S.V.P. I’m just adding my opinion: Second Contingent CEF 42 Inf. BATT., was not the Black Watch or any connection to 5th Regt RHC in those times, 
raised in “4th Divisional Area,” not forgetting the “legal Attested” matter; the lines indicated in Expeditionary Force War Establishments, 1914 (pp. 121-126). 
Considering it took the Otter Committee, decades of grief, “come hell or high water,” establishing a connection, only unfolded in 1st Jan 1930 renamed BW RHC. 
Unlike “Mother’s” first offspring, 13th BATT which was a fusion of “4 parent regiments,” I believe, however haven’t looked for the documentation, the 42nd only consisted 
of one “Parent Regiment,” while the enrollment office was at 5th Regt RHC Armoury O.R., they came from far and wide, even Americans enlisted. 

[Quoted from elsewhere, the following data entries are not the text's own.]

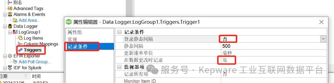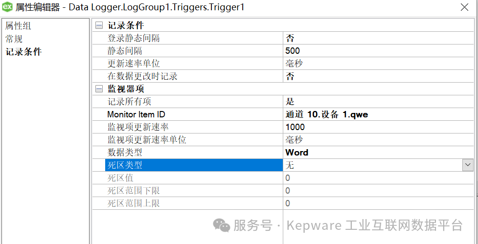 还是在刚才的位置,将“登录静态间隔”和“在数据更改时记录”都设置为“否”,然后将“监视器项”中的记录所有项改为“是”。选择要监视的Tag点,这样当这个Tag点数据发生变化就会将所有数据进行存储。考虑到数据波动还可以设置死区来保证数据有效变化再进行存储。
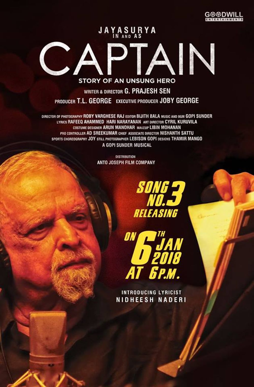 Crew: Prajesh Sen (Director), Roby Varghese Raj (Director of Photography), Gopi Sundar (Music Director)
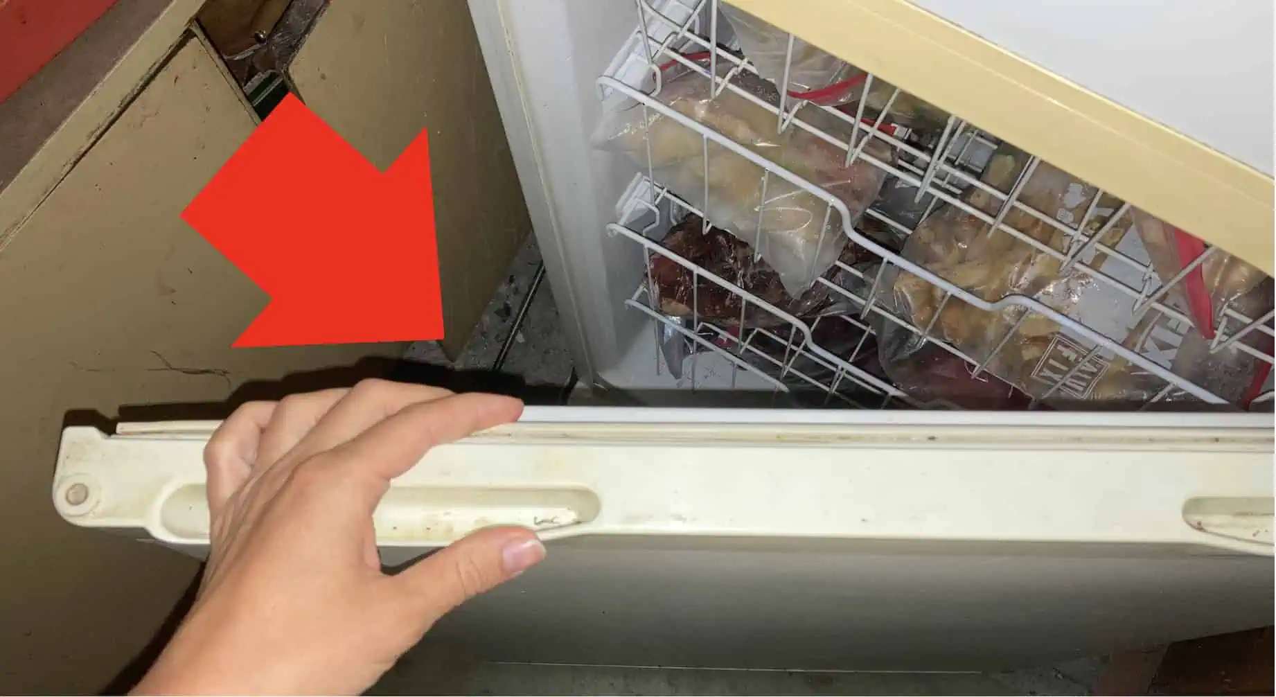 Takto vyzerá spodné tesnenie mrazničky v porovnaní s horným gumovým tesnením pred opravením.
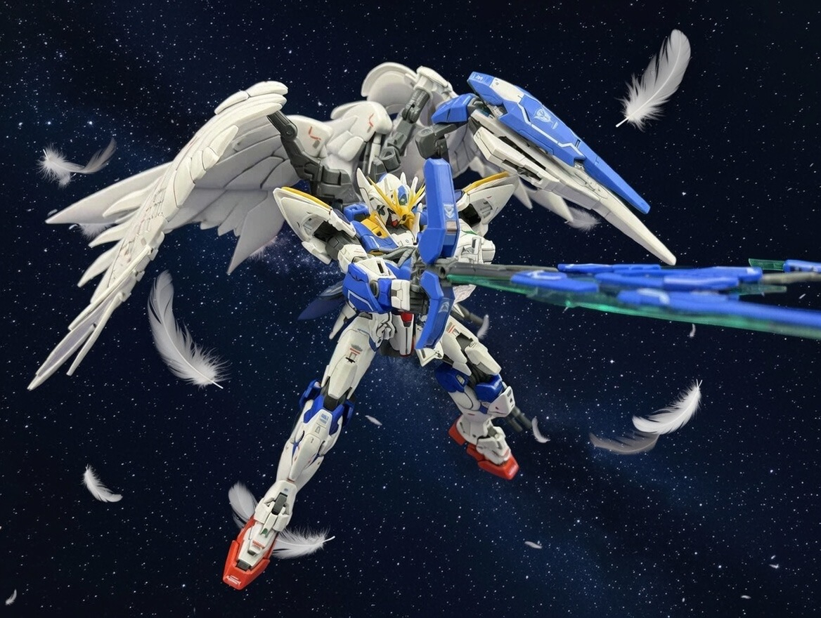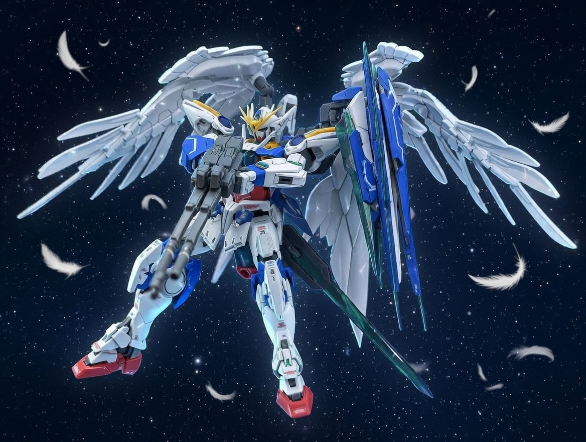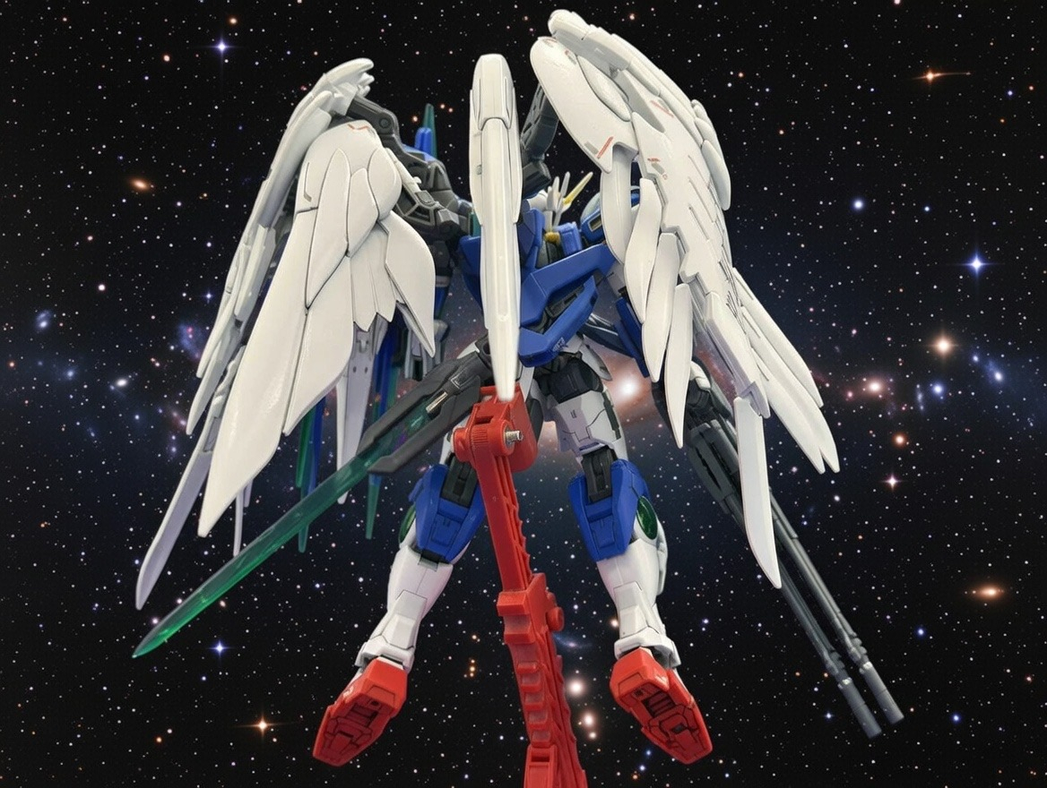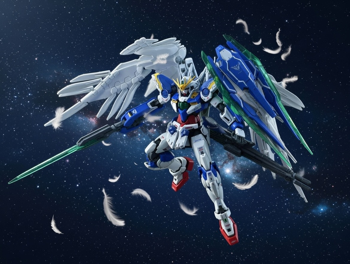 背景を生成できるなら羽も生成できるんじゃないかと気がついてこれをせずにはいられなかったのでガンダムWOクアンタカスタムです
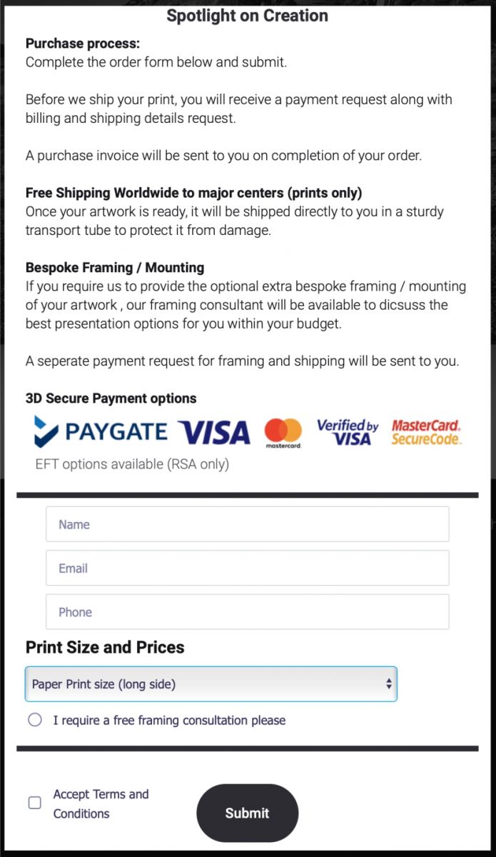 I offer a standard return policy and free shipping of rolled prints to all major centres, worldwide on all rolled prints.
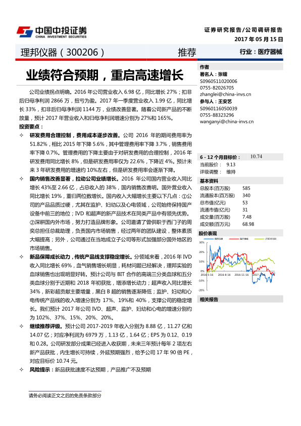 本报告认为理邦仪器业绩拐点明确,通过有效的费用控制、国内外市场的拓展以及新品的不断推出,公司未来几年有望保持高速增长。维持推荐评级,目标价10.74元。但需注意新品获批速度和产品推广不及预期的风险。
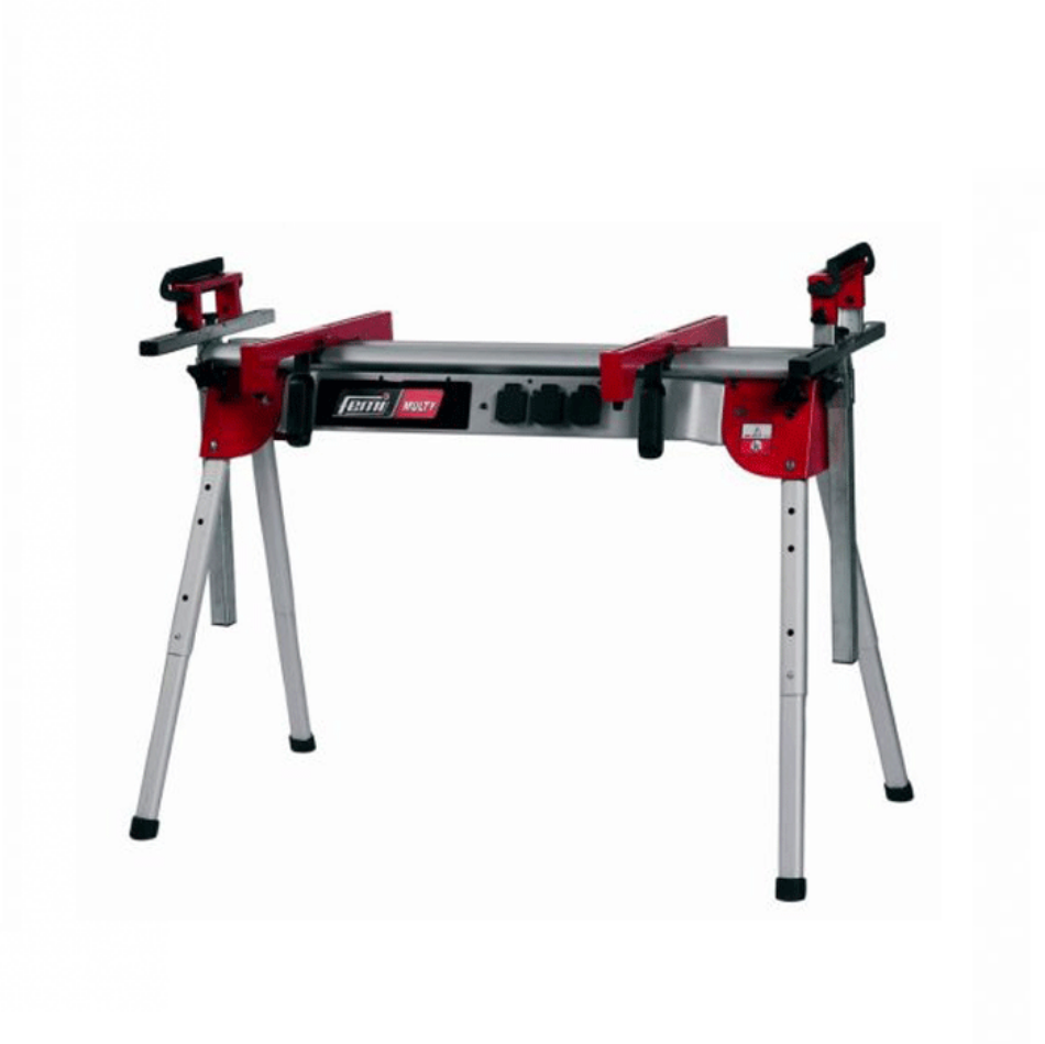 Universeel onderstel voor afkort- verstekzaag. Zeer stabiel aluminium onderstel. Poten zijn telescopisch in hoogte verstelbaar. 3 geintegreerde contactdozen. Geintegreerd handvat voor gemakkelijk transport. Zijsteunen in hoogte en breedte verstelbaar.
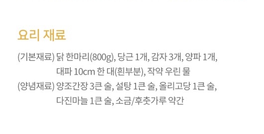 (기본재료) 닭 한마리(800g), 당근 1개, 감자 3개, 양파 1개, 대파 10cm 한대(흰부분), 작약 우린 물
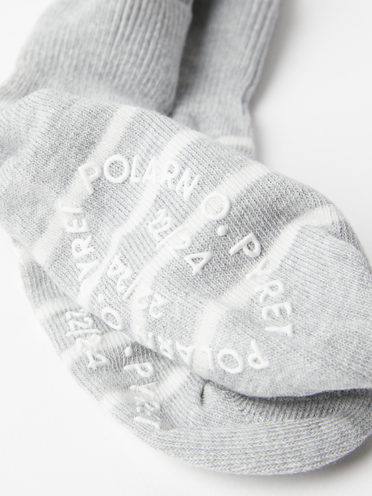 Tvåpack strumpor med halkskydd. Strumporna är tillverkade i mjuk ekologisk bomull och har vår klassiska rand. Mudden kan vikas upp eller ned. Den här produkten ingår i vårt 3 för 2-erbjudande, som ej kan kombineras med andra erbjudanden.

S.V.P. I know the status quo for 13th consisted at first of one, (see CEFresearch) then it was uncovered 3 parent regiments contributed at VC 1914. 
I haven't published the paper on my blog yet and yes have evidence supporting my comment, will be revealed when posted.

Just my thoughts.

Joseph


----------



## jollyjacktar (18 Apr 2016)

There was a veteran of the 42nd whom was a friend of the family when I was a young teen.  He told my Dad that their unit was quite popular with ladies when they were boarding the trains heading for the channel.  The Highlanders liked to dive on through windows etc, which caused many a kilt to go northwards and give a free show, much to the delight of all (officers and Snr NCO excepted).  A bit of an animal show, apparently.   ;D


----------